Side-by-side comparison
| Attribute | 2 mil Poly Bags | 4 mil Poly Bags |
|---|---|---|
| Wall thickness | 0.002 inch | 0.004 inch (2x thicker) |
| Typical use | Apparel, soft goods, light retail packaging, dust covers | Hardware, parts, books, heavier or sharper items |
| Puncture resistance | Low - vulnerable to corners, staples, exposed edges | Moderate to high - handles most consumer-product edges |
| Tear resistance | Tears easily once nicked | Resists tear propagation; nicks tend to stop |
| Weight capacity (general) | Up to ~1 lb safely | Up to ~5 lb depending on bag size |
| Clarity | Very clear - good for retail display | Clear with slight haze; still display-grade |
| Cost per bag | Lowest entry point | ~30-60% more per bag |
| Pack speed | Faster - lighter material is easier to open and load | Slightly slower - material has more body |
| Reuse / long-term storage | Single-use grade | Holds up to handling and longer storage |
| Carrier durability (UPS/USPS/FedEx) | OK inside an outer carton; risky as the only layer | Acceptable as the outer layer for many SKUs |
When to choose 2 mil
Choose 2 mil when: the item is soft and has no exposed edges (folded apparel, fabric, plush, paper goods); the bag is going inside a carton as a dust or moisture barrier; the bag is a retail dust cover; or you are pricing-sensitive on a high-volume light-item SKU.
Real-world fits: t-shirts, leggings, baby clothes, scarves, microfiber cloths, foam inserts, printed paper goods, cards.
When to step up to 4 mil
Choose 4 mil when: the item has corners or a hard edge (boxes, books, framed prints); the contents weigh more than a pound; the bag is the only outer layer; the package will sit in storage or transit for weeks; or you have seen returns from punctured 2 mil bags on the same SKU.
Real-world fits: hardware, parts, paperback and hardcover books, light tools, framed prints, acrylic items, ceramic pieces protected by foam, electronics in a sleeve.
Cost vs strength tradeoff
4 mil bags cost roughly 30-60% more than 2 mil at the same dimensions, depending on size and order quantity.

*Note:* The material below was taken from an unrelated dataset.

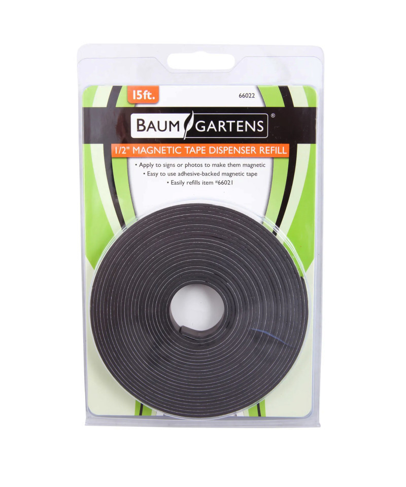 Need a magnetic surface? Now you can turn anything into a magnet with Baumgartens thick, black, adhesive - backed magnetic tape. It cuts easily to any size with scissors or a knife. Simply peel off the backing and attach. This magnetic tape has lots of uses. It's great for arts and craft projects; you can stick it to photos, pictures, business cards to brighten up your office, dorm room, home or classroom. Use it in the garage to stop nails and screws from going astray. Cheer up your cubicle, locker or filing cabinets with custom made magnets. This item is made from materials that are safer for children. This item consists of a 15 foot 1/2" refill for the roll and cut dispenser. Need a magnetic surface? Now you can turn anything into a magnet with Baumgartens thick, black, adhesive - backed magnetic tape. It cuts easily to any size with scissors or a knife. Simply peel off the backing and attach. This magnetic tape is a refill for item 66021.

The math that matters: the cost of a single replaced shipment (product cost + return shipping + new outbound + any goodwill credit) is usually higher than the price difference across an entire case of bags. If you are seeing more than ~1 in 1,000 bag failures on a SKU, the 4 mil upgrade pays for itself.
The other lever is bag size. A 2 mil bag stretched tight over a hard item is weaker than a slightly oversized 2 mil bag with slack - but a properly sized 4 mil bag beats both for the same item.

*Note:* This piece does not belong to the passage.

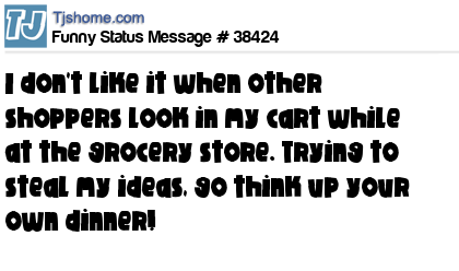 X I don't like it when other shoppers look in my cart while at the grocery store. Trying to steal my ideas, go think up your own dinner!

2 mil vs 4 mil poly bags FAQ
Is a 4 mil bag really twice as strong as a 2 mil bag?
The wall is twice as thick, but real-world strength scales faster than that for puncture and tear. A 4 mil bag can be 2-3x more puncture-resistant in practice because both faces of the bag double in thickness. Tensile (pulling) strength scales closer to 2x.

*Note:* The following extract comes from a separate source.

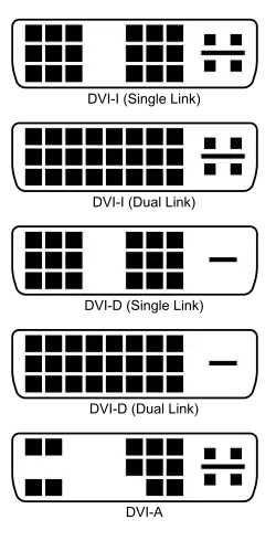 - Digital Visual Interface (DVI) is used to connect a video source, such as a graphics card to a display device, such as a computer monitor. It was developed with the intention of creating an industry standard for the transfer of digital video content. DVI is designed to transmit uncompressed digital video and can be configured to support multiple modes such as DVI-D (digital only), DVI-A (analog only), or DVI-I (digital and analog). Featuring support for analog connections, the DVI specification is compatible with the VGA interface. Although DVI is predominantly associated with computers, it is sometimes used in other consumer electronics such as television sets, video game consoles,[citation needed] and DVD players.[6]

Do I need 4 mil for apparel?
Almost never. Folded apparel has no sharp edges, weighs little, and 2 mil is the industry default for clothing fulfillment. If you are double-bagging apparel in 4 mil, you are spending money you do not need to.
What about 3 mil - is it a real middle ground?
3 mil exists but is less common in stock sizes. For most ops, the practical choice is 2 mil for soft goods and 4 mil for everything else. If you are bouncing between SKUs, stock both rather than trying to standardize on 3 mil.
Does thickness affect FDA / food contact?
Thickness does not change food contact status - the resin grade does. If you need food contact, look for FDA-compliant low-density polyethylene (LDPE), available at both 2 mil and 4 mil.